## INFORMATION PROVIDED
Content starts

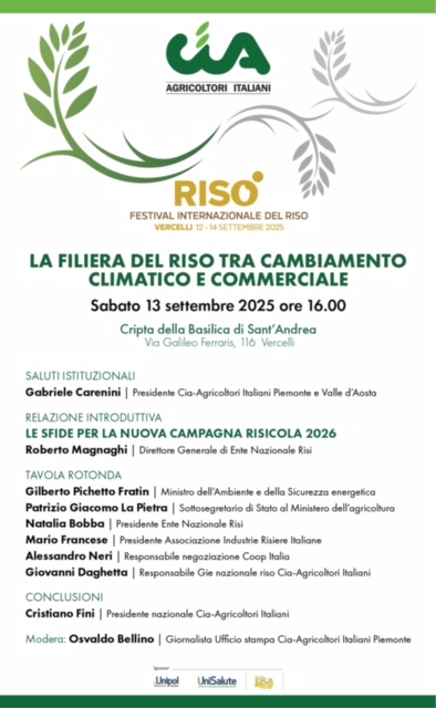 Sabato 13 settembre il dibattito si sposterà sulla sfida della filiera risicola tra cambiamenti climatici e dinamiche di mercato. L’incontro, ospitato nella suggestiva Cripta della Basilica di Sant’Andrea, vedrà al centro gli interventi di istituzioni, rappresentanti dell’industria e della distribuzione, oltre ai vertici di Cia e dell’Ente Risi. Un confronto che mette a fuoco le prospettive per la nuova campagna agricola e la necessità di strategie comuni per tutelare un prodotto che rappresenta non solo un comparto economico, ma anche una parte essenziale della cultura gastronomica italiana. Qui il programma.
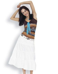 Natürlichkeit und Ethno-Einflüsse machen diesen Look aus. Pastellige, rauchige Farben wie Rosenholz, Bleu, Türkise, Creme, Vanille, Apricot und Jade in Kombination mit Braun- und Beigetönen lassen bei Blusen und Tops das Feuerwerk an verspielten Details und Materialmix so richtig zur Geltung kommen. Besondere Eyecatcher sind Spitzeneinsätze und Makramé, Häkellook und Perlenstickerei. Gebatikte Shirts und Tops finden sich ebenso wieder wie florale Prints und Karos. Effektvoll gewickelt, in Lagen übereinander getragen und kombiniert mit Volantröcken oder 3/4-Hosen lässt sich die Sommerhitze ertragen.
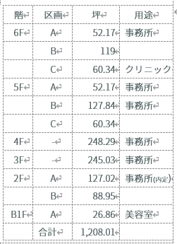 コンバージョン:店舗→事務所、スケルトン仕上げ→事務所仕上げ、フロア - 2、3、4、5、6階

Content ends

## PROBLEM DESCRIPTION
Every line of the data above is to be set down word for word, with the pictures left out.

## WRITTEN SOLUTION
 Sabato 13 settembre il dibattito si sposterà sulla sfida della filiera risicola tra cambiamenti climatici e dinamiche di mercato. L’incontro, ospitato nella suggestiva Cripta della Basilica di Sant’Andrea, vedrà al centro gli interventi di istituzioni, rappresentanti dell’industria e della distribuzione, oltre ai vertici di Cia e dell’Ente Risi. Un confronto che mette a fuoco le prospettive per la nuova campagna agricola e la necessità di strategie comuni per tutelare un prodotto che rappresenta non solo un comparto economico, ma anche una parte essenziale della cultura gastronomica italiana. Qui il programma.
 Natürlichkeit und Ethno-Einflüsse machen diesen Look aus. Pastellige, rauchige Farben wie Rosenholz, Bleu, Türkise, Creme, Vanille, Apricot und Jade in Kombination mit Braun- und Beigetönen lassen bei Blusen und Tops das Feuerwerk an verspielten Details und Materialmix so richtig zur Geltung kommen. Besondere Eyecatcher sind Spitzeneinsätze und Makramé, Häkellook und Perlenstickerei. Gebatikte Shirts und Tops finden sich ebenso wieder wie florale Prints und Karos. Effektvoll gewickelt, in Lagen übereinander getragen und kombiniert mit Volantröcken oder 3/4-Hosen lässt sich die Sommerhitze ertragen.
 コンバージョン:店舗→事務所、スケルトン仕上げ→事務所仕上げ、フロア - 2、3、4、5、6階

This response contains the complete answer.